= Leonid Vokuyev =

Russian ombudsman (born 1948)

Leonid Mikhailovich Vokuyev (Russian: Леонид Михайлович Вокуев; born June 10, 1948) was the Commissioner For Human Rights of the Komi Republic until 26 March 2007. In November 2006, he filed a lawsuit against the Russian pop duo T.A.T.u., stating that the title of their second studio album, Lyudi Invalidy, was insulting to handicapped people.

==Speeches==
In November 2006, Vokuyev addressed the issue with various disability organizations. According to them, a text from the booklet of t.A.T.u.'s album Lyudi Invalidy contained derogatory remarks against handicapped people:

Люди инвалиды не знают, что значит быть человеком. Они – подделка на основе человекообразной болванки. Они не живут, а функционируют. Их функции описываются законами механики и ещё четырьмя признаками: жестокость, глупость, жадность, подлость.
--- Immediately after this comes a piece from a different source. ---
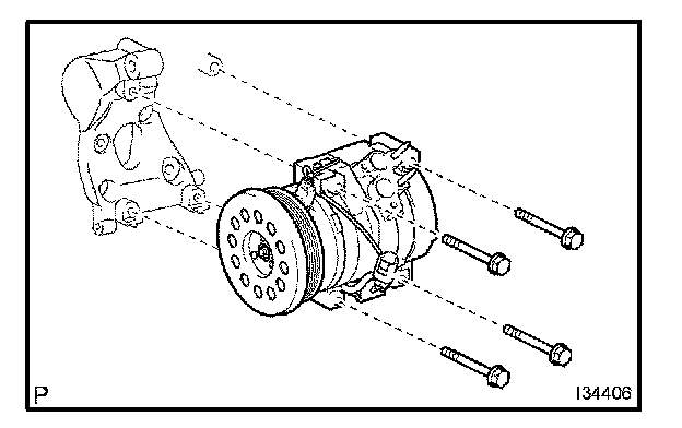 b. Remove the 4 bolts and the compressor and magnetic clutch.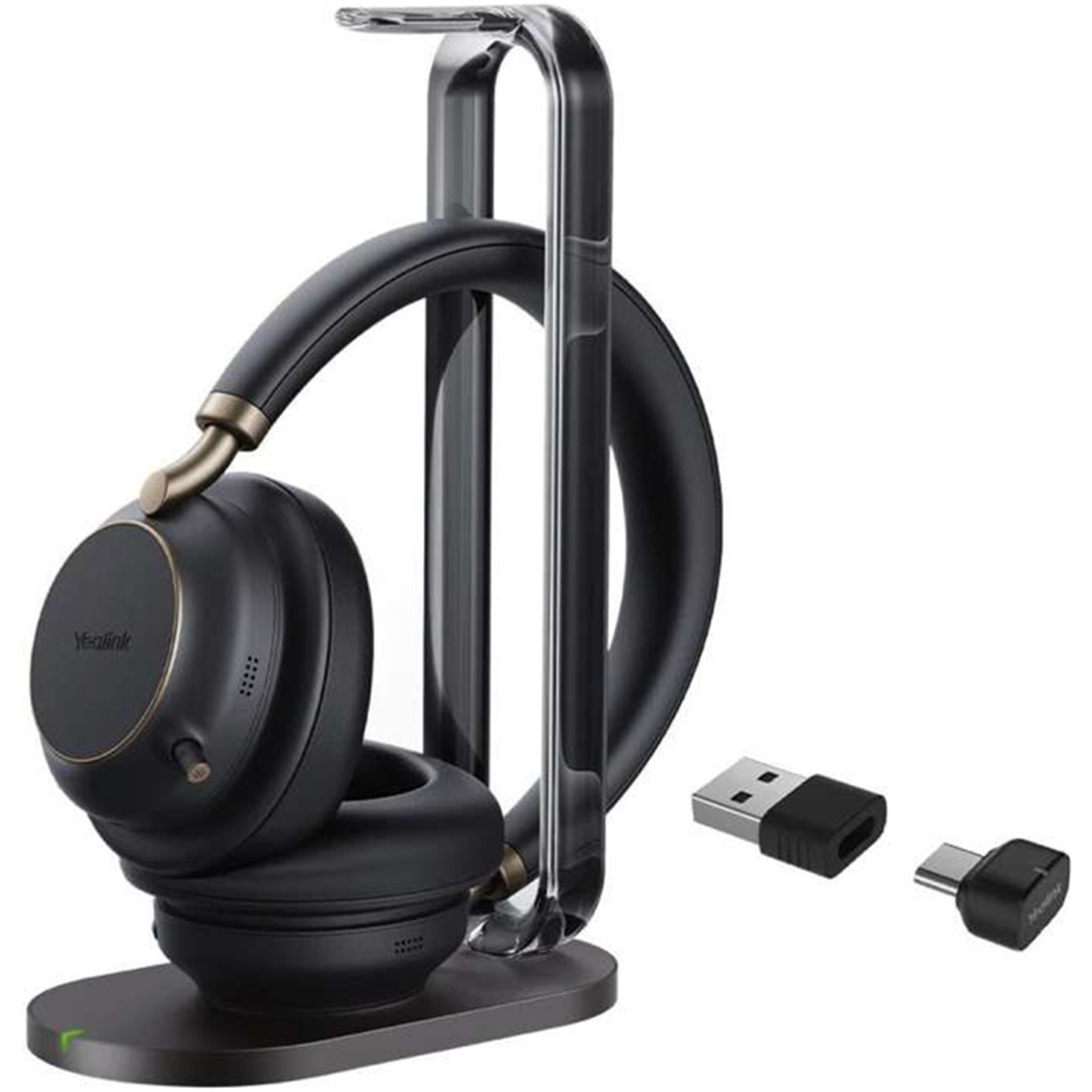 Yealink BH76 Plus Bluetooth Over-Ear ANC Headset with Charging Stand - Teams Certified USB-C/A / 5-Mics Noise Cancellation / Dynamic ANC / Retractable Mic / Busy Light / QI Wireless Charging / Up to 45m Distance / Up to 35-Hour Talk-time

"Disabled people" don't know what it means to be human. They are an imitation, based on an anthropoid template. They do not live—they merely function. Their functions are described by the laws of mechanics and by four traits: cruelty, stupidity, greed, meanness.

Vokuyev filed a complaint with the Public Prosecutor of Moscow, Yuri Syomin, which states that the inscription offends the honour and dignity of persons with disabilities. The appeal requests that "administrative measures" be taken. Vokuyev believes that the text annotation to the album is contrary to Article 21 of the Constitution, which stipulates that "nobody is to harm the dignity of any citizen" [paraphrased]. Vokuyev said that the group can be held criminally liable for slander and public insult, as well as to collect a million rubles in moral damages.

In an interview with a local newspaper, Vokuyev stated:

Я здесь у себя в кабинете через компьютер прослушал этот диск. Прослушал песню вместе с инвалидами. Её текст — тоже полная чушь. Припев там примерно такой повторяется постоянно: у инвалидов нет ночи любви, и просыпаются они без любви.

I have listened to this disc here in my office, on my computer. I listened to the song about disabled people. The text is also nonsense. The chorus is repeated constantly: the disabled spend their nights without love, and they wake up without love.

According to him, further release of the disc should be prohibited.